Reproduce the listing below from the line with "Часы Seiko, квадратный" to the line with "Eksempel på bestilformular, opsat", both lines included, character for character, minus any pictures.

- SUPPLIED MATERIAL:
============

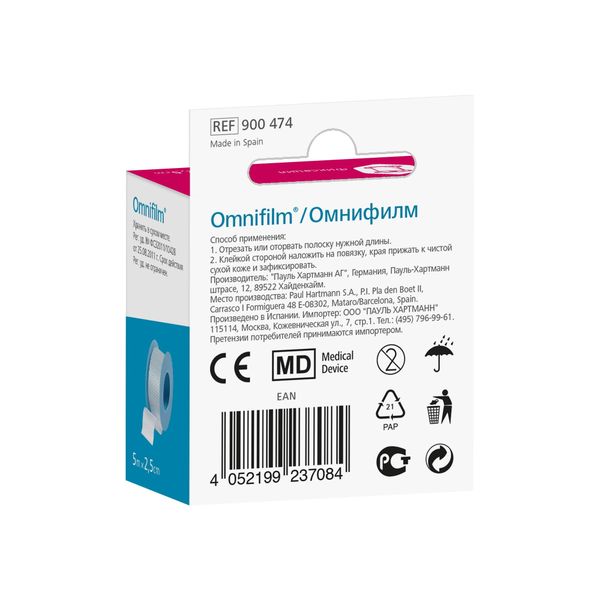 OMNIFILM/ОМНИФИЛМ - изготовлен из специальной пленки. Лейкопластырь не боится воды, гипоаллергенный, подходит для чувствительной кожи. Не останавливает воздухообмен, фиксирует повязки, катетеры, зонды и др., гипоаллергенный пластырь для водостойкой фиксации и закрепления повязок в рулоне. Рекомендуется для пациентов с чувствительной кожей.
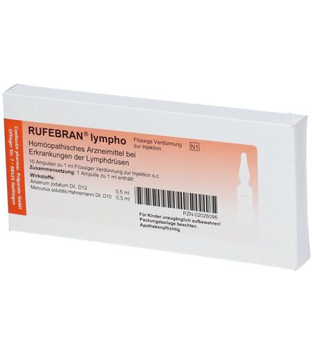 RUFEBRAN® lymphoFlüssige Verdünnung zur InjektionStoff- oder Indikationsgruppe:Homöopathisches Arzneimittel bei Erkrankungen der Lymphdrüsen.Anwendungsgebiete:Die Anwendungsgebiete leiten sich von den homöopathischen Arzneimittelbildern ab. Dazu gehören: Lymphdrüsenschwellungen und zur unterstützenden Behandlung bei Entzündungen der Lymphdrüsen.Bei schmerzloser Lymphdrüsenschwellung sowie bei allen anhaltenden, unklaren oder neu auftretenden Beschwerden ist ein Arzt aufzusuchen, da es sich um Erkrankungen handeln kann, die einer ärztlichen Abklärung bedürfen.Gegenanzeigen:Wann dürfen Sie RUFEBRAN® lympho erst nach Rücksprache mit dem Arzt anwenden?Bei Schilddrüsenerkrankungen nicht ohne ärztlichen Rat anwenden.Vorsichtsmaßnahmen für die Anwendung:Was müssen Sie in der Schwangerschaft und Stillzeit beachten?Da keine ausreichend dokumentierten Erfahrungen zur Anwendung in der Schwangerschaft und Stillzeit vorliegen, sollte RUFEBRAN® lympho nur nach Rücksprache mit dem Arzt angewendet werden.Was ist bei Kindern zu berücksichtigen?Zur Anwendung dieses Arzneimittels bei Kindern liegen keine ausreichend dokumentierten Erfahrungen vor. Es soll deshalb bei Kindern unter 12 Jahren nicht angewendet werden. Wechselwirkungen mit anderen Arzneimitteln oder anderen Mitteln:Keine bekannt.Allgemeiner Hinweis:Die Wirkung eines homöopathischen Arzneimittels kann durch allgemein schädigende Faktoren in der Lebensweise und durch Reiz- und Genussmittel ungünstig beeinflusst werden. Falls Sie sonstige Arzneimittel anwenden, fragen Sie Ihren Arzt.Dosierungsanleitung, Art und Dauer der Anwendung:Soweit nicht anders verordnet:Bei akuten Zuständen parenteral 1 - 2 ml bis zu 3mal täglich s.c. injizieren. Eine über eine Woche hinausgehende Anwendung sollte nur nach Rücksprache mit einem homöopathisch erfahrenen Therapeuten erfolgen.Bei chronischen Verlaufsformen parenteral 1 - 2 ml täglich s.c. injizieren. Bei Besserung der Beschwerden ist die Häufigkeit der Anwendung zu reduzieren.Auch homöopathische Arzneimittel sollten nicht über längere Zeit ohne ärztlichen Rat angewendet werden.Überdosierung und andere Anwendungsfehler:Wenn Sie eine größere Menge RUFEBRAN® lympho angewendet haben, als Sie sollten, sind in der Regel keine nachteiligen Folgen zu erwarten.Wenn Sie die Anwendung von RUFEBRAN® lympho vergessen haben, holen Sie diese bitte nach, sobald Sie es bemerken. Wenden Sie aber nicht die doppelte Dosis an.Wenn Sie die Anwendung von RUFEBRAN® lympho abbrechen, können sich Ihre Beschwerden wieder verschlimmern oder erneut auftreten.Wenn Sie weitere Fragen zur Anwendung des Arzneimittels haben, fragen Sie Ihren Arzt, Ihren Apotheker oder einen homöopathisch erfahrenen Therapeuten.Nebenwirkungen:Nach Anwendung von RUFEBRAN® lympho kann verstärkt Speichelfluss auftreten; das Mittel ist dann abzusetzen.Außerdem können aufgrund des enthaltenen Quecksilbers gelegentlich allergische Reaktionen auftreten.Welche Gegenmaßnahmen sind bei Nebenwirkungen zu ergreifen?Bei... ...
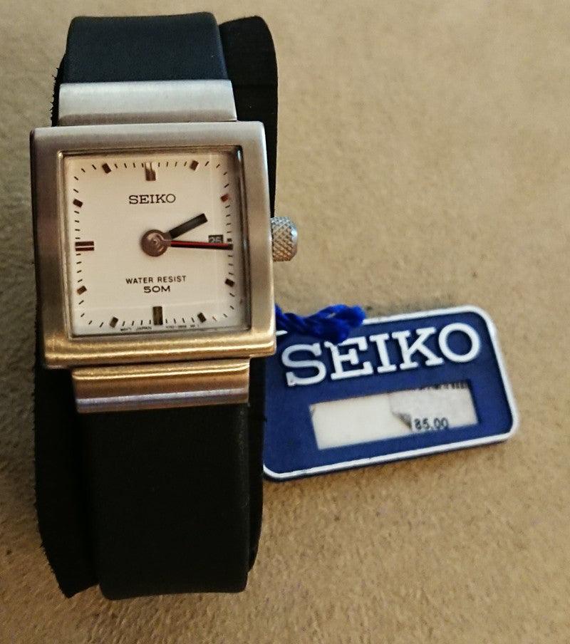 Часы Seiko, квадратный корпус из стали Only Time for Woman, белый циферблат, дата, ремешок из черной кожи, водонепроницаемость 50 Мт, кварцевый механизм SWG053P1
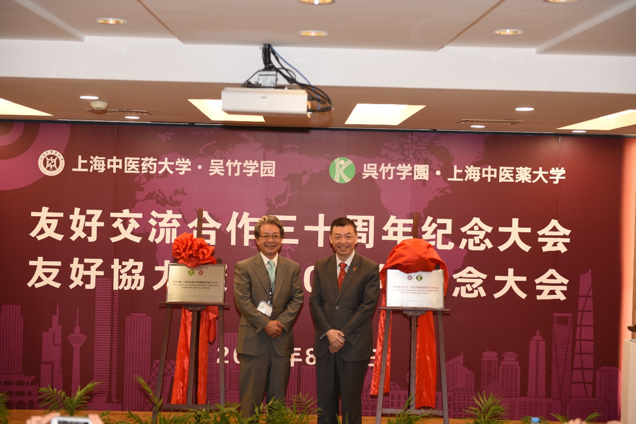 82日下午,上海中医药大学与吴竹学园友好交流合作三十周年纪念大会在国际交流合作中心三楼报告厅举行,我校副校长胡鸿毅,吴竹学园理事长坂本步、东京医疗专门学校校长齐藤秀树,两校有关部门负责人、师生代表等70余人出席大会。会议由我校国际教育学院院长林勋主持。
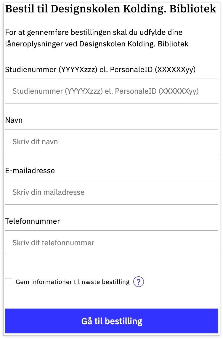 Eksempel på bestilformular, opsat i VIP, for et bibliotek som ikke bruger Bibliotekslogin:
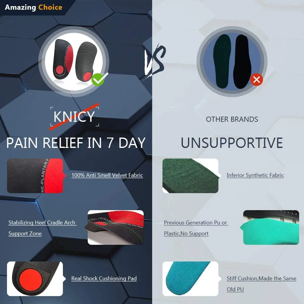 ★Легко менять обувь:Благодаря тонкому и весовому дизайну светильник, стельки длиной 3/4 могут удобно поместиться в большинство туфель. Дышащий верхний слой, противоскользящий материал делает его стабильным в вашей обуви. Эти ортопедические стельки отлично подходят для спортивной обуви, повседневной обуви, модельных туфель, холста, кроссовок, рабочей обуви и ботинок.
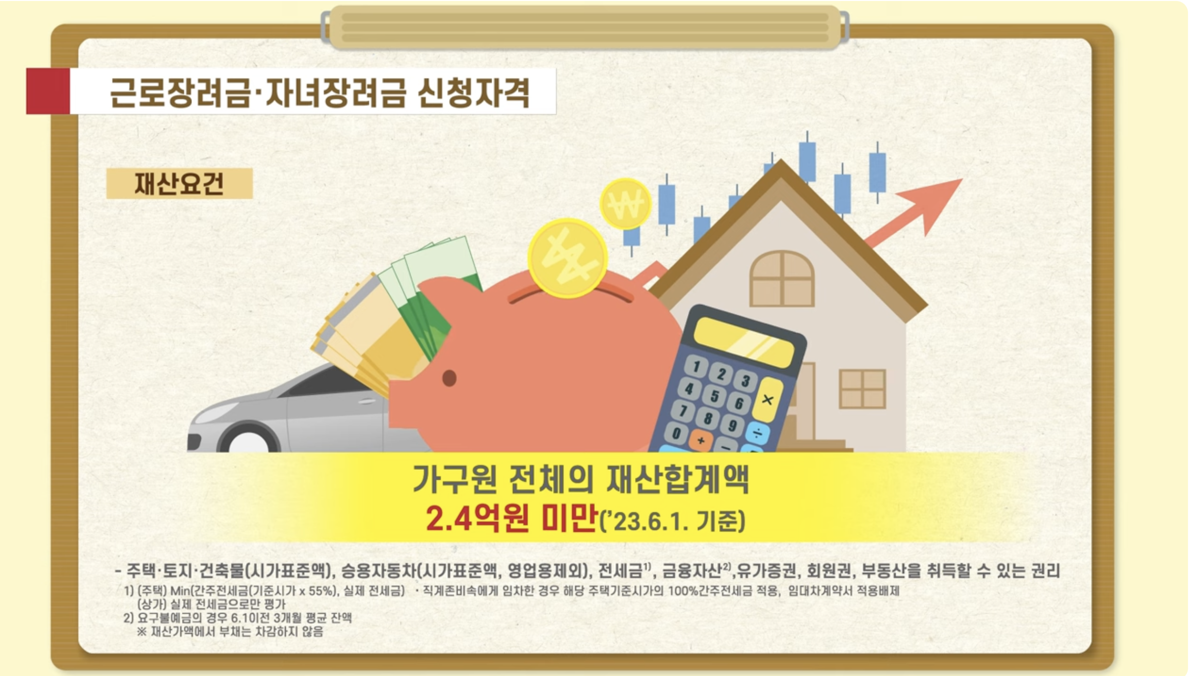 재산기준은 2023년 6월 1일 기준으로 2억4천만원을 넘지 않아야 합니다.
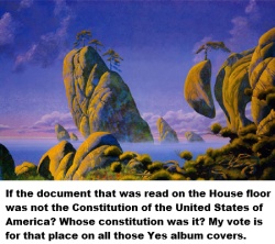 But was that what really happened? As a matter of fact, no, that’s not what really happened. In fact, the Constitution of the United States of America was pushed aside so that members could read aloud the Constitution of… I don’t know: La La Land, maybe? Whatever it was, it wasn’t the Constitution of the United States of America that was read aloud today:

============

- ANSWER BELOW:
 Часы Seiko, квадратный корпус из стали Only Time for Woman, белый циферблат, дата, ремешок из черной кожи, водонепроницаемость 50 Мт, кварцевый механизм SWG053P1
 82日下午,上海中医药大学与吴竹学园友好交流合作三十周年纪念大会在国际交流合作中心三楼报告厅举行,我校副校长胡鸿毅,吴竹学园理事长坂本步、东京医疗专门学校校长齐藤秀树,两校有关部门负责人、师生代表等70余人出席大会。会议由我校国际教育学院院长林勋主持。
 Eksempel på bestilformular, opsat i VIP, for et bibliotek som ikke bruger Bibliotekslogin:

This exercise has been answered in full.